▶ **What to produce**
Repeat the records below exactly, from the first line through the line containing "Однако совокупный риск", and leave out any pictures.

[[ Provided records, beginning ]]

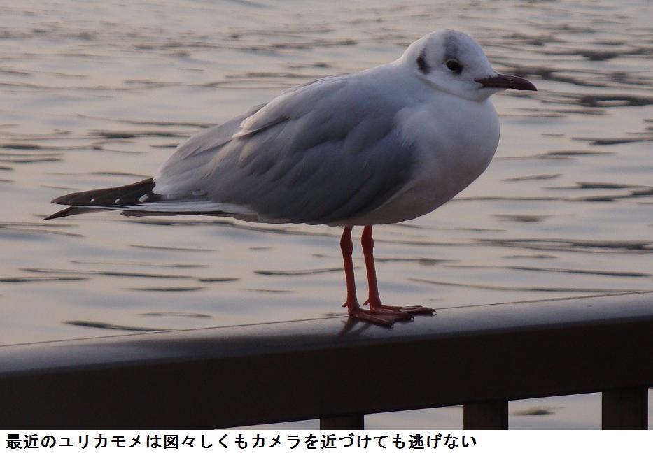 今日は、薄曇の天気であったが、下から見上げる柳もまた一興。戯れに数を数えてみると10本はある。浸水テラスの手摺欄干にユリカモメが止まっているので、カメラを向けると餌が貰えるものと勘違いしたらしく、カメラを近づけても逃げようとはしない。
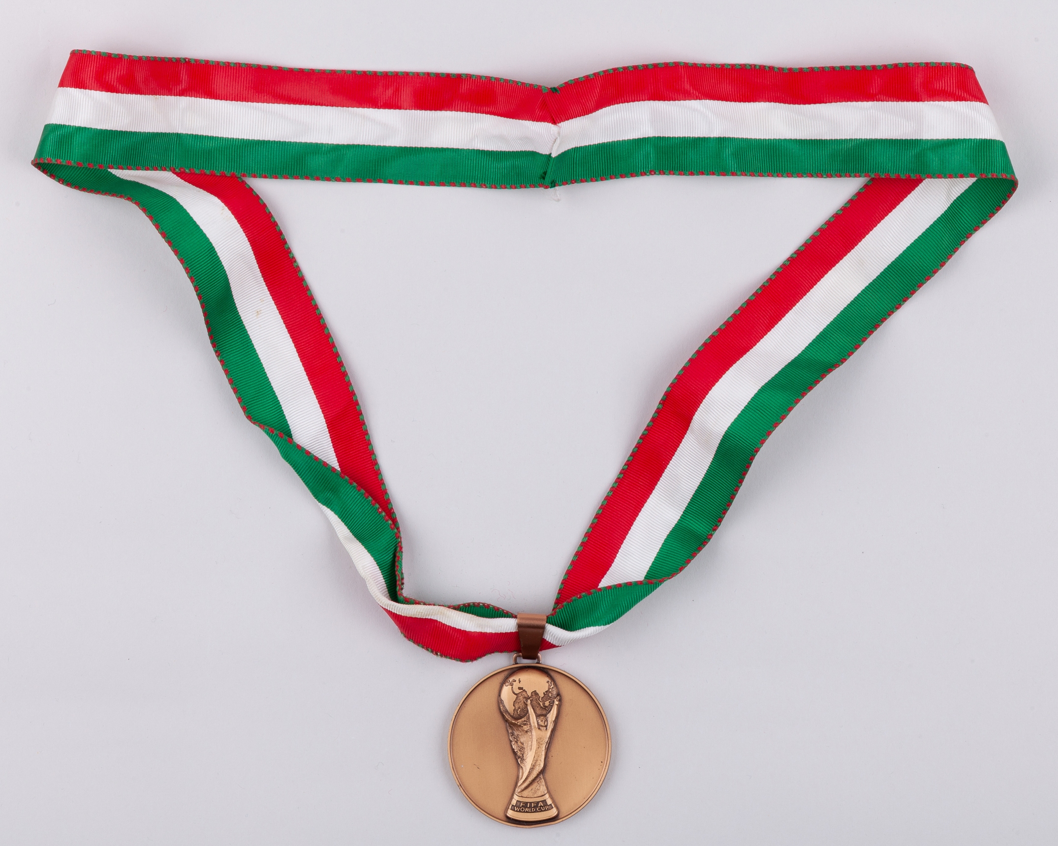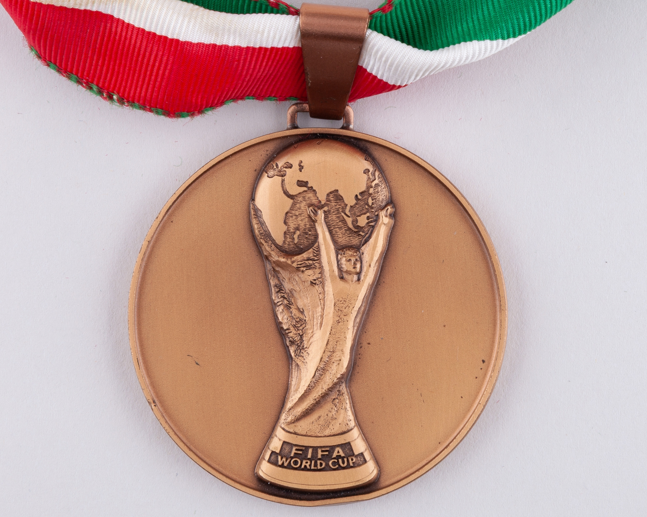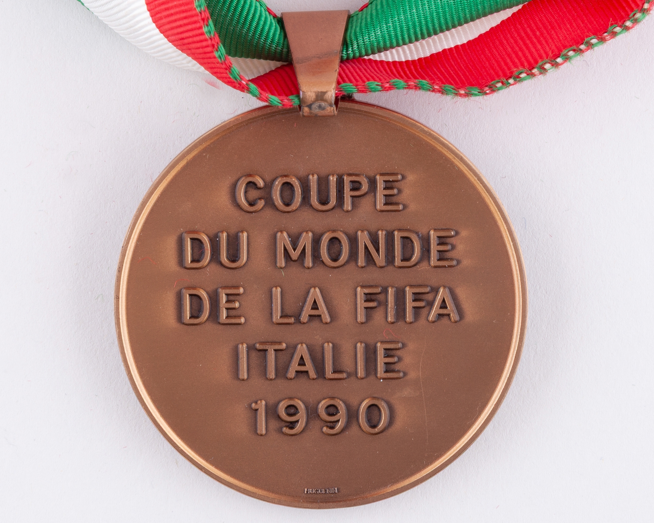 Paul Parker an Italia '90 3rd/4th Place bronze medal, the obverse inscribed FIFA WORLD CUP, the reverse inscribed COUPE DE MONDE, DE LA FIFA, ITALIE 1990 with Italian flag design ribbon
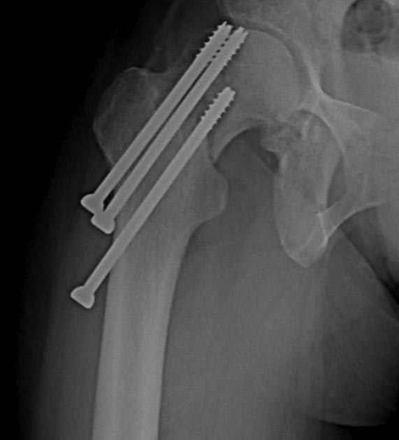 дообследовании выявлен несросшийся перелом шейки бедра на винтах.
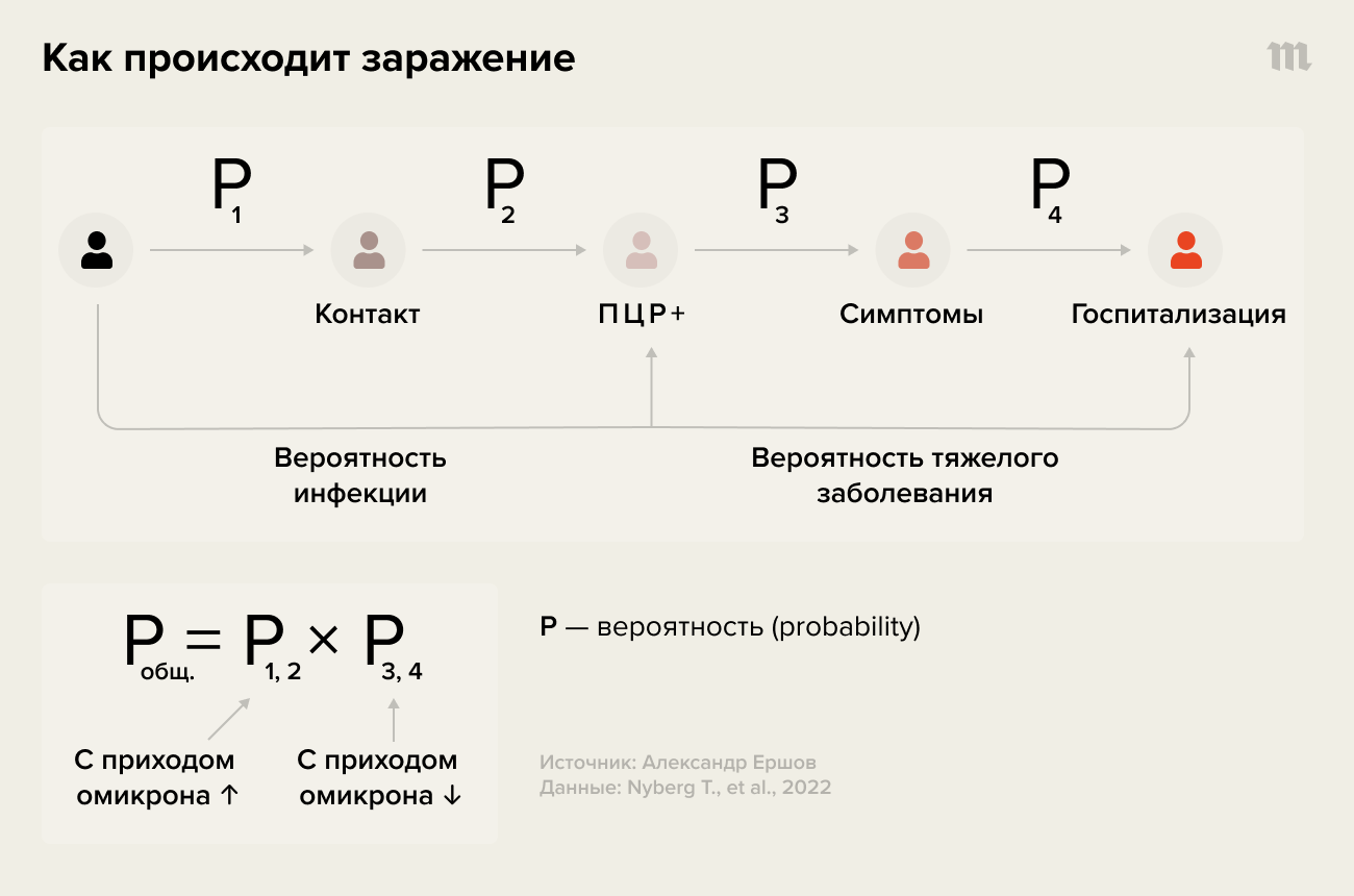 Однако совокупный риск тяжело заболеть и попасть в больницу с приходом омикрона стал не ниже, а выше, чем раньше, — из-за многократно выросшего первого множителя этого простого уравнения, то есть повышенного риска заразиться.
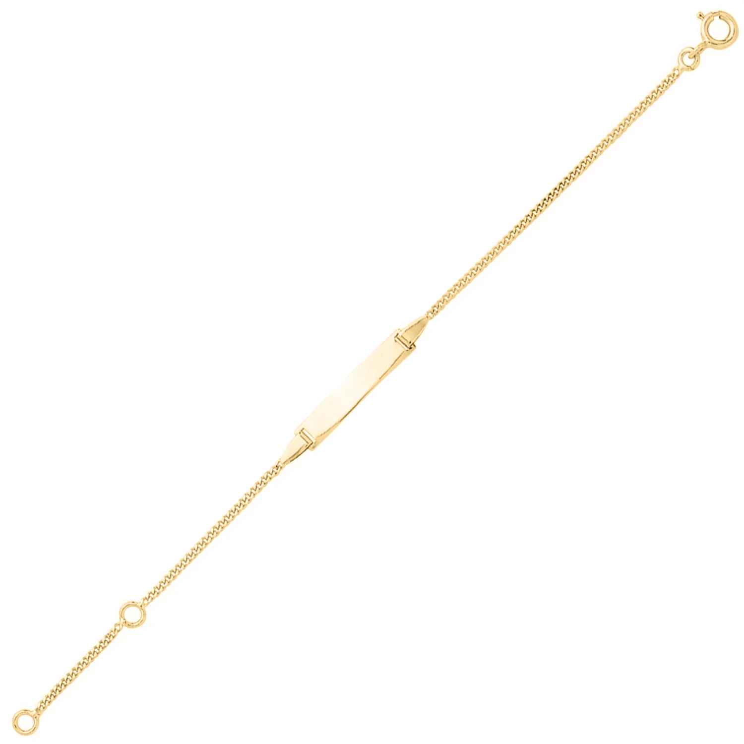 Cette gourmette en maille gourmette est composée d’une jolie plaque rectangulaire en or jaune 9ct. C’est aujourd’hui un plaisir de la mettre à ses poignets avec de si jolis entraves ! Pour donner la touche finale à ce ravissant bijou, il suffira de faire graver le prénom de l’enfant à qui il se destine, dans l’or fin de la plaque centrale. Dimensions de la plaque: 2cm x 0,4cm. La gourmette mesure 14cm avec un anneau intermédaire à 12cm. Elle est présentée dans un ravissant petit écrin blanc avec son certificat d’authenticité. Vous pouvez faire graver le prénom de l’enfant au recto et la date de votre choix au verso.

[[ Provided records, end ]]

▶ **Solution**
 今日は、薄曇の天気であったが、下から見上げる柳もまた一興。戯れに数を数えてみると10本はある。浸水テラスの手摺欄干にユリカモメが止まっているので、カメラを向けると餌が貰えるものと勘違いしたらしく、カメラを近づけても逃げようとはしない。
 Paul Parker an Italia '90 3rd/4th Place bronze medal, the obverse inscribed FIFA WORLD CUP, the reverse inscribed COUPE DE MONDE, DE LA FIFA, ITALIE 1990 with Italian flag design ribbon
 дообследовании выявлен несросшийся перелом шейки бедра на винтах.
 Однако совокупный риск тяжело заболеть и попасть в больницу с приходом омикрона стал не ниже, а выше, чем раньше, — из-за многократно выросшего первого множителя этого простого уравнения, то есть повышенного риска заразиться.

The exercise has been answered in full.